• [Required work]: For the entries below, the expected answer is the line with "Victorian Copper Double", the line with "Golden Hour at", and every line between them, exactly as written, and nothing more.

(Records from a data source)
--------------------------------
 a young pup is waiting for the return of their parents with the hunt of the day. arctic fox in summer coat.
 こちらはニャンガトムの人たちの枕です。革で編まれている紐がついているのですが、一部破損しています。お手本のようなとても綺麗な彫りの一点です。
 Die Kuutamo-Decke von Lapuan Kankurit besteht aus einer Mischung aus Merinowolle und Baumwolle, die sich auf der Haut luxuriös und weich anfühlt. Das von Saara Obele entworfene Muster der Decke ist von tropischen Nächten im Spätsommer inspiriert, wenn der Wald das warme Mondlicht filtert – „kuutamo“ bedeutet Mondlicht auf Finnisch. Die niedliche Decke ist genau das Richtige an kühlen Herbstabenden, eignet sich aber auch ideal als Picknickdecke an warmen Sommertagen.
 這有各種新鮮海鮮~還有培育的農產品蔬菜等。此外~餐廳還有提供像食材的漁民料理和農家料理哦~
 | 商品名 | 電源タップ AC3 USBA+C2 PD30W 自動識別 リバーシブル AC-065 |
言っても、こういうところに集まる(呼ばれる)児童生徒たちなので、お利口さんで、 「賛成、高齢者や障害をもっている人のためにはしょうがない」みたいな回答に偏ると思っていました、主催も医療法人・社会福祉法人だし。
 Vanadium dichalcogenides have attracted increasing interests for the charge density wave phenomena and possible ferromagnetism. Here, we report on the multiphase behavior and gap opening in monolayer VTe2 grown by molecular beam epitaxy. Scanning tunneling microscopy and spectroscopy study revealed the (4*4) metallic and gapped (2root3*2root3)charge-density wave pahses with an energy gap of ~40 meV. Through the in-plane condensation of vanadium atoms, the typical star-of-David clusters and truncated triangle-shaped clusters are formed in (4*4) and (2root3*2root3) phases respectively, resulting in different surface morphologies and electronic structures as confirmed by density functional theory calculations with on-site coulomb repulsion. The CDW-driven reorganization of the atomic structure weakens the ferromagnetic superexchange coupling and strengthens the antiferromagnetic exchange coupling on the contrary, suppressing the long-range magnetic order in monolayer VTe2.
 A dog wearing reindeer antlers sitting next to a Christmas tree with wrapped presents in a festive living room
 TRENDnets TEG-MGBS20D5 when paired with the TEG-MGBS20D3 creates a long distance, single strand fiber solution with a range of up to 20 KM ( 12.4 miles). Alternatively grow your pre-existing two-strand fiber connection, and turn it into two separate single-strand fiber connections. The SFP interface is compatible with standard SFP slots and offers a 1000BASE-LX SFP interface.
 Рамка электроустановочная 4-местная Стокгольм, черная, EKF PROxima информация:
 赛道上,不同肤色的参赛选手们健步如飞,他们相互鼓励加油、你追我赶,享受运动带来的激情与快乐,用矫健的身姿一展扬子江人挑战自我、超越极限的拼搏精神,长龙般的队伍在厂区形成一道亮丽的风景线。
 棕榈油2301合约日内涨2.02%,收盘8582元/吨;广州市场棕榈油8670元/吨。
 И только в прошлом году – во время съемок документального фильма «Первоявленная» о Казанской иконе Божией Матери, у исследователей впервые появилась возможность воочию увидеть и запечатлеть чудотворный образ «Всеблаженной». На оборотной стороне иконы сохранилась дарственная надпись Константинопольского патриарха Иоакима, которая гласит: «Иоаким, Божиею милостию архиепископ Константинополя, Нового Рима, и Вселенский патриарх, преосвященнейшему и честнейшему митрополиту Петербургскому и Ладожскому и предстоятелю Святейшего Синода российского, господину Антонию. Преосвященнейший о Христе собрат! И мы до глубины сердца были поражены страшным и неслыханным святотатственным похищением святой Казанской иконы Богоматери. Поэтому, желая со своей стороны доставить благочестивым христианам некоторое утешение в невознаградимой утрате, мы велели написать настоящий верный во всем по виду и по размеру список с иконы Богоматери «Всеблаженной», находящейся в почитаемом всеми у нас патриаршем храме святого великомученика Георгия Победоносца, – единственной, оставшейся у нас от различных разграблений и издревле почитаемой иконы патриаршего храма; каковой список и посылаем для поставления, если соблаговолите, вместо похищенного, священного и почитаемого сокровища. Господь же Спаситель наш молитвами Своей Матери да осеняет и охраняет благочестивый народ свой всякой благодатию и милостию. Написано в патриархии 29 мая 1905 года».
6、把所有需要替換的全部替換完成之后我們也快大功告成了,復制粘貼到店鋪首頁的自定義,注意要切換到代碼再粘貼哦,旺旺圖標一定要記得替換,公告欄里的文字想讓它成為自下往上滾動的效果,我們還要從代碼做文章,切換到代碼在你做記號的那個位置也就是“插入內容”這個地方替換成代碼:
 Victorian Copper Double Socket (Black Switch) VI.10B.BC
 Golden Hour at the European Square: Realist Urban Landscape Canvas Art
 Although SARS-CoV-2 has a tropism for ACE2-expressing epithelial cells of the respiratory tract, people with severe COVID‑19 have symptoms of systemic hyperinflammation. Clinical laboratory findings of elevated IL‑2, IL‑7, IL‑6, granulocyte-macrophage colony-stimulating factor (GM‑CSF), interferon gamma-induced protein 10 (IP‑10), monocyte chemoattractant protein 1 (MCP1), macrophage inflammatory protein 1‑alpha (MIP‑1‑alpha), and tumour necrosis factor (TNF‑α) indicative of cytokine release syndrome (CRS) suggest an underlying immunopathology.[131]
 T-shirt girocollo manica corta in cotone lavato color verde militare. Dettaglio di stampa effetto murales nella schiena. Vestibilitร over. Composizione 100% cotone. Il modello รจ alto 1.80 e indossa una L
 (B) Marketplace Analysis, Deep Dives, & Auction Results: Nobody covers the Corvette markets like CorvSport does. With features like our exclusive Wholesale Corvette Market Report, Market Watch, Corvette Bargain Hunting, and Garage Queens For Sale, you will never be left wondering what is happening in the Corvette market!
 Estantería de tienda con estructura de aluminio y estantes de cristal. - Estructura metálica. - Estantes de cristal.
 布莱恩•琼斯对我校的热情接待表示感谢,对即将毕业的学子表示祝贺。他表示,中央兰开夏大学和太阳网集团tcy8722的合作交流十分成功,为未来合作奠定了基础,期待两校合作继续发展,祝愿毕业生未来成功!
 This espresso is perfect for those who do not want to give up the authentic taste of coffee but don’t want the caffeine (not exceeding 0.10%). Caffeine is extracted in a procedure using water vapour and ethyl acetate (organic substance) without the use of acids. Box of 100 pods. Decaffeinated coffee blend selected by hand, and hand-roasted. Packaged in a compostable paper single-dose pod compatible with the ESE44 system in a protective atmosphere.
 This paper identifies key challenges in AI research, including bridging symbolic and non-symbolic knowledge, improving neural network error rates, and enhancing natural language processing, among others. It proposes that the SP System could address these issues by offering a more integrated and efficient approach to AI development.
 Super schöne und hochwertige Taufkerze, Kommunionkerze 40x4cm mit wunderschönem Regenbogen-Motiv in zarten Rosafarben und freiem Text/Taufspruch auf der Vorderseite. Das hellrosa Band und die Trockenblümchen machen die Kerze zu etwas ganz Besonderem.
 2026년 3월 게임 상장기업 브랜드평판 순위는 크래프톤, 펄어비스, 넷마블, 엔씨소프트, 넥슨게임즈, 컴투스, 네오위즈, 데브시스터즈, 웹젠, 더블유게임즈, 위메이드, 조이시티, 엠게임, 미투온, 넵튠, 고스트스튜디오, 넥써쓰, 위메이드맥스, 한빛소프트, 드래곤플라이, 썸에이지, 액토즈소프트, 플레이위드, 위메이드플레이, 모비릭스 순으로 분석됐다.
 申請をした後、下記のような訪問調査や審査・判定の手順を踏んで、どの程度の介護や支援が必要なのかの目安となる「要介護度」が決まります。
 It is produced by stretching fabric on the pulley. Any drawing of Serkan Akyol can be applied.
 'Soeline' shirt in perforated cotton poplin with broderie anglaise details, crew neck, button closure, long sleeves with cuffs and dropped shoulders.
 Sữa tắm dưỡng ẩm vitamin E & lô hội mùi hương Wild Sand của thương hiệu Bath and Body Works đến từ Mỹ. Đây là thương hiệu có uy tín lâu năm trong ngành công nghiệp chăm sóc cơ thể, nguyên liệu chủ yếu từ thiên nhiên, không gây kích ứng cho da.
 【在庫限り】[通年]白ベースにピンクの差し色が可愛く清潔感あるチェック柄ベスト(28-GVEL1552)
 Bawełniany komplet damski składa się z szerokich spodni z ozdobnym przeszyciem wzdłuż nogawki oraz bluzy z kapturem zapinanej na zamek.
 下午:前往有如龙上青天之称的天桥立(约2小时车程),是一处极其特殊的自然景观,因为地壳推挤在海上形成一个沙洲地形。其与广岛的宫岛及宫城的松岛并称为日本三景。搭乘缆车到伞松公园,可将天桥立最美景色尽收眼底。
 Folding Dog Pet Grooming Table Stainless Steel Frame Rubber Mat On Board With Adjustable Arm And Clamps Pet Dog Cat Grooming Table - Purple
--------------------------------
• [Task response]:
 Victorian Copper Double Socket (Black Switch) VI.10B.BC
 Golden Hour at the European Square: Realist Urban Landscape Canvas Art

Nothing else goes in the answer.